Prompt → The result should be the lines from the one holding "Mayo Tomavistas 2024" to the end of the records below, repeated exactly. No pictures.

*** Data extracts

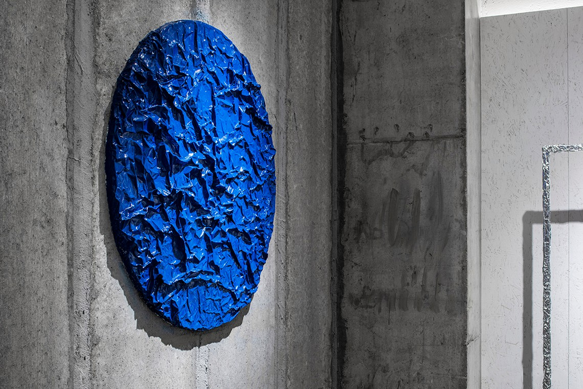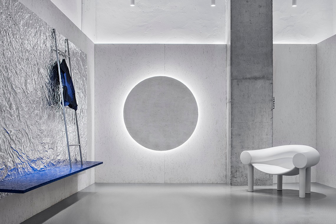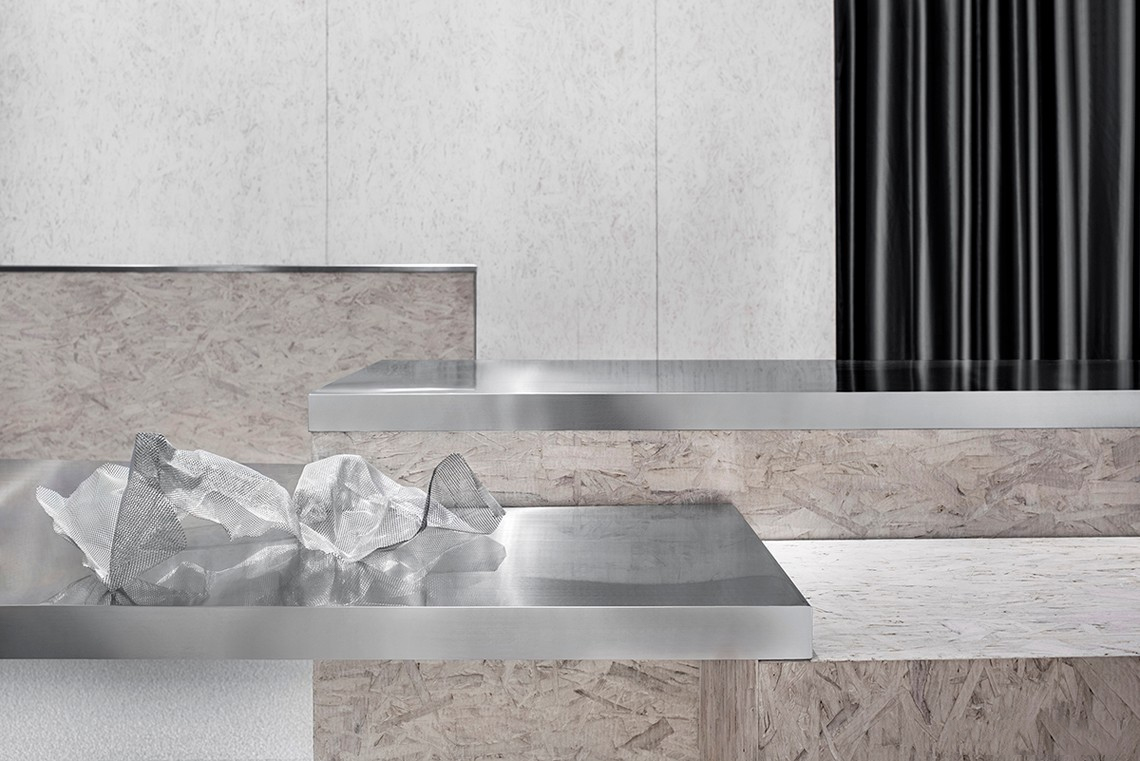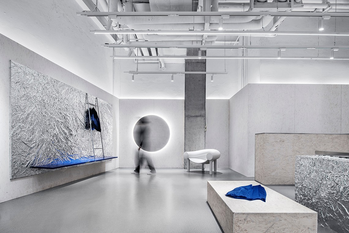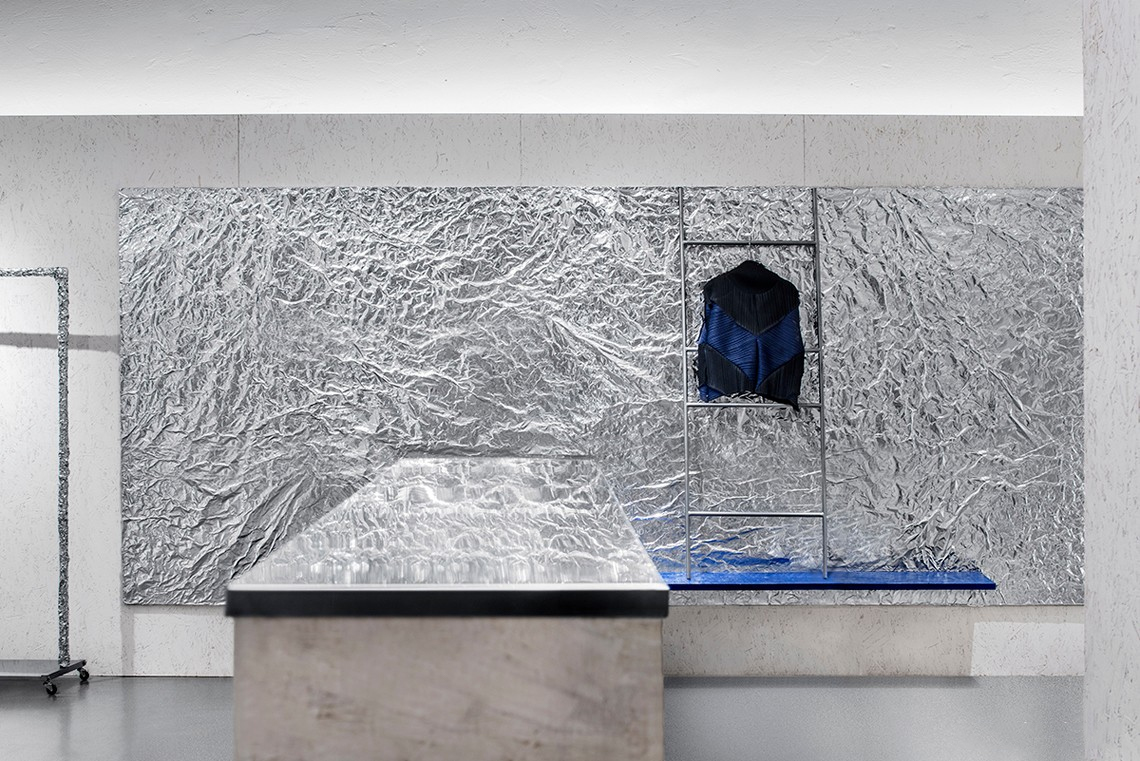 錫紙被揉皺后又鋪展開,人為制造出隨機(jī)的肌理和材質(zhì)本身的金屬質(zhì)感回應(yīng)了服裝面料的工藝和光澤感,又與啞光的乳白色刨花板產(chǎn)生對比。這些材料加強(qiáng)了人們對于品牌核心面料的感受,成為品牌印象的一部分。
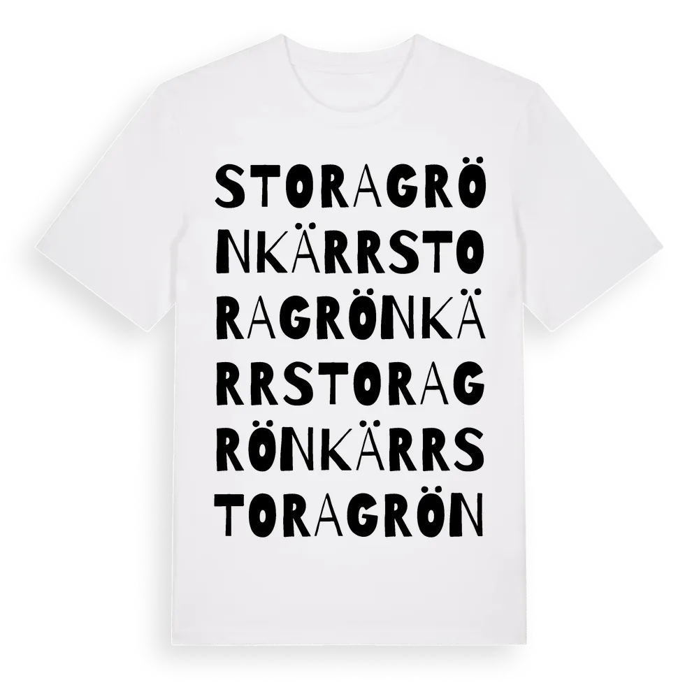 Stora Grönkärr ordlek t-shirt är inspirerad av Stora Grönkärr i Östergötlands län, Sverige. Tröjan är designad för dig som har en speciell koppling till platsen – oavsett om du bor här, har rötterna här eller bara älskar Stora Grönkärr.
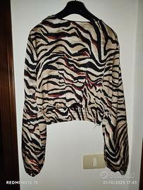 Top corto con stampa animalier, elastico nei polsini e fascia in pizzo. Mai indossato, ancora con cartellino.
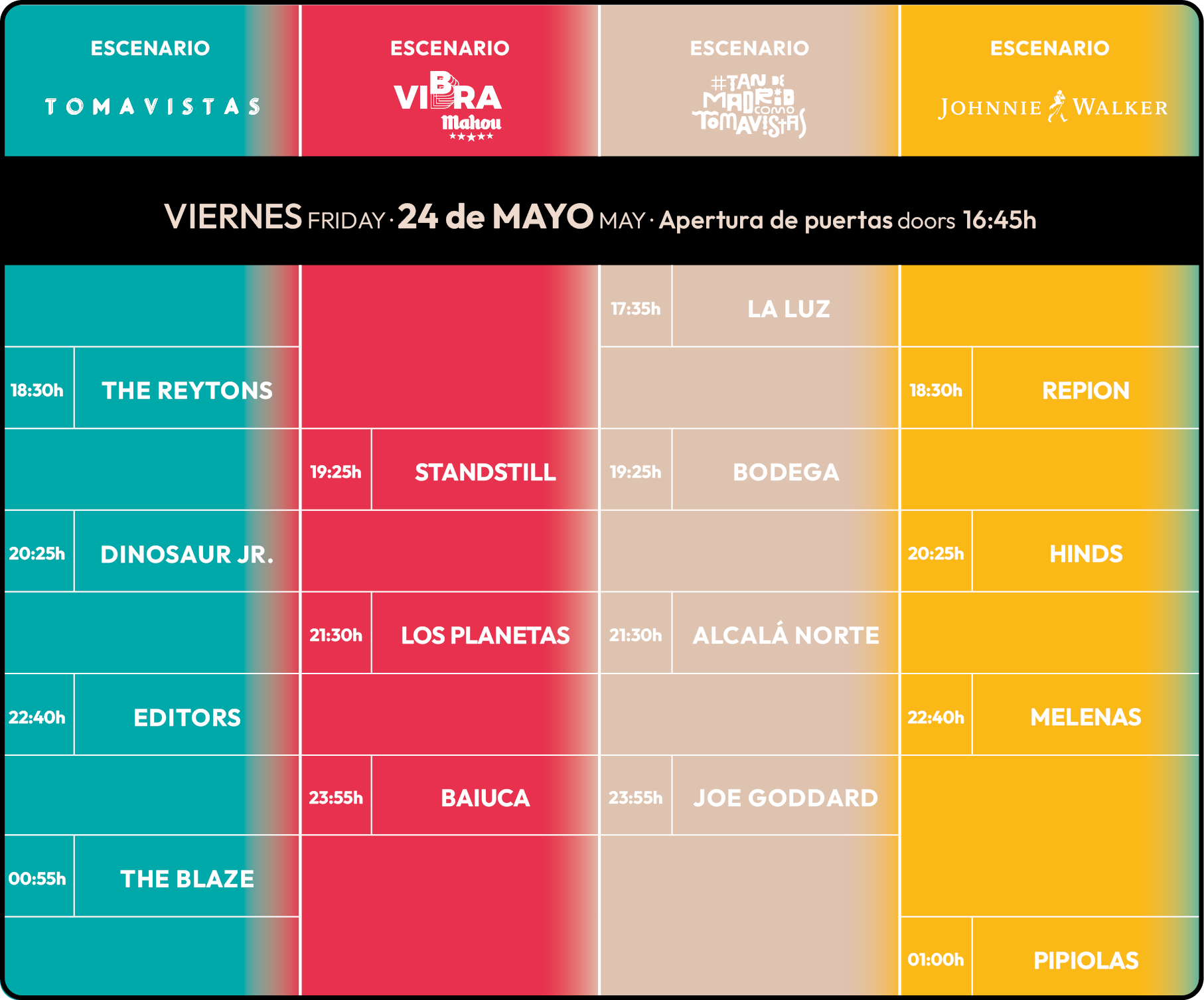 Horario  Viernes 24 de Mayo Tomavistas 2024
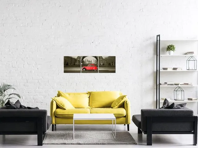 Úvod » Obrazy » Obrazy na plátne » Príroda » Moderný obraz na stenu Červené auto pred Eiffelovkou
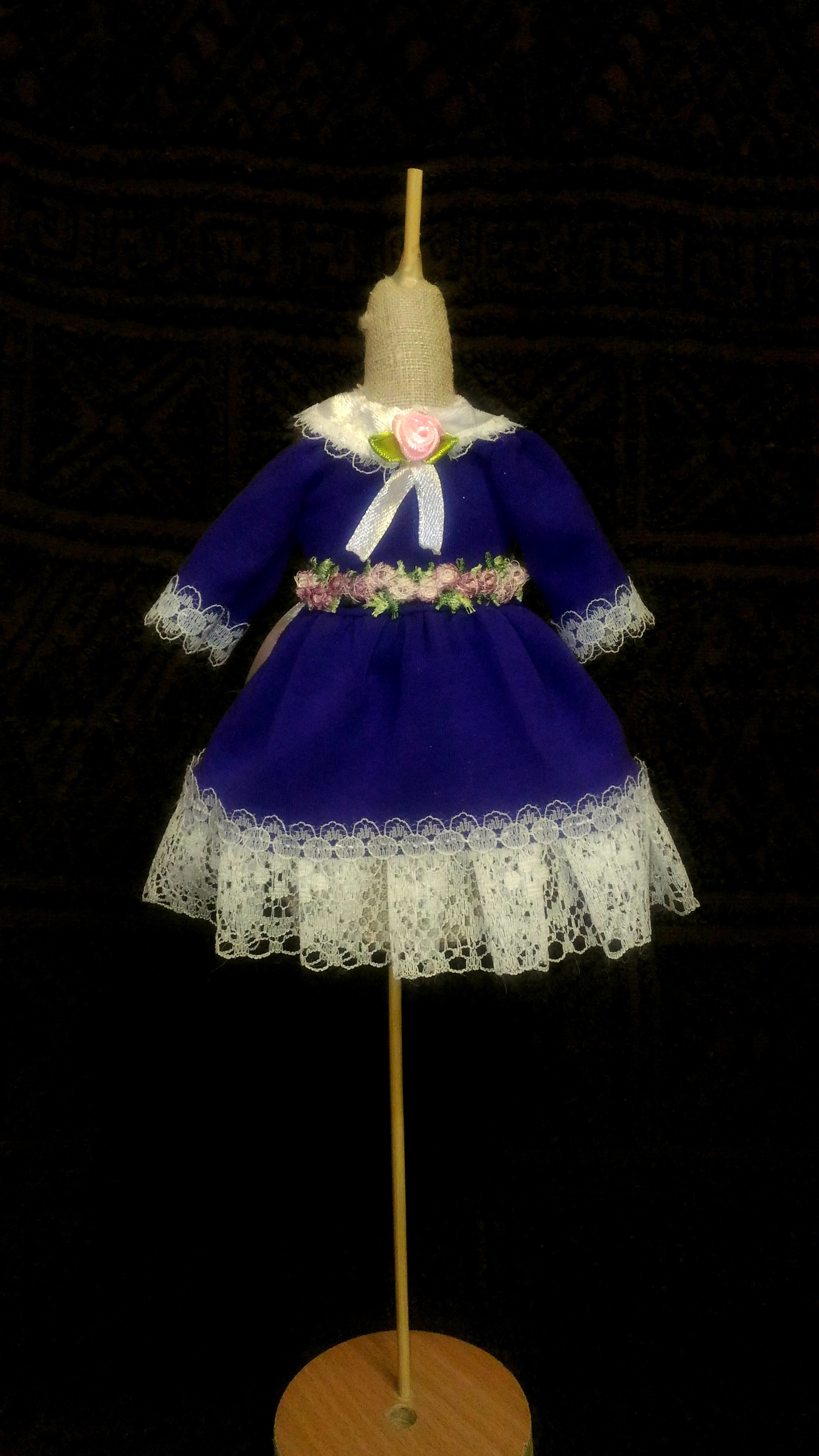 Маленькая куколка ручной работы, высота 21 см. Головка, ручки и ножки из запекаемого пластика. Тело мягконабивное- синтепон,текстиль. Голова поворотная. В руках и ногах проволока. Причёска не разбирается, "барашки" на висках пришиты, волосы из шерсти для валяния. Одежда сшита полностью вручную - два платья, панталончики, шляпка и туфельки, съёмные (туфельки покупные)

******

Answer →
 Horario  Viernes 24 de Mayo Tomavistas 2024
 Úvod » Obrazy » Obrazy na plátne » Príroda » Moderný obraz na stenu Červené auto pred Eiffelovkou
 Маленькая куколка ручной работы, высота 21 см. Головка, ручки и ножки из запекаемого пластика. Тело мягконабивное- синтепон,текстиль. Голова поворотная. В руках и ногах проволока. Причёска не разбирается, "барашки" на висках пришиты, волосы из шерсти для валяния. Одежда сшита полностью вручную - два платья, панталончики, шляпка и туфельки, съёмные (туфельки покупные)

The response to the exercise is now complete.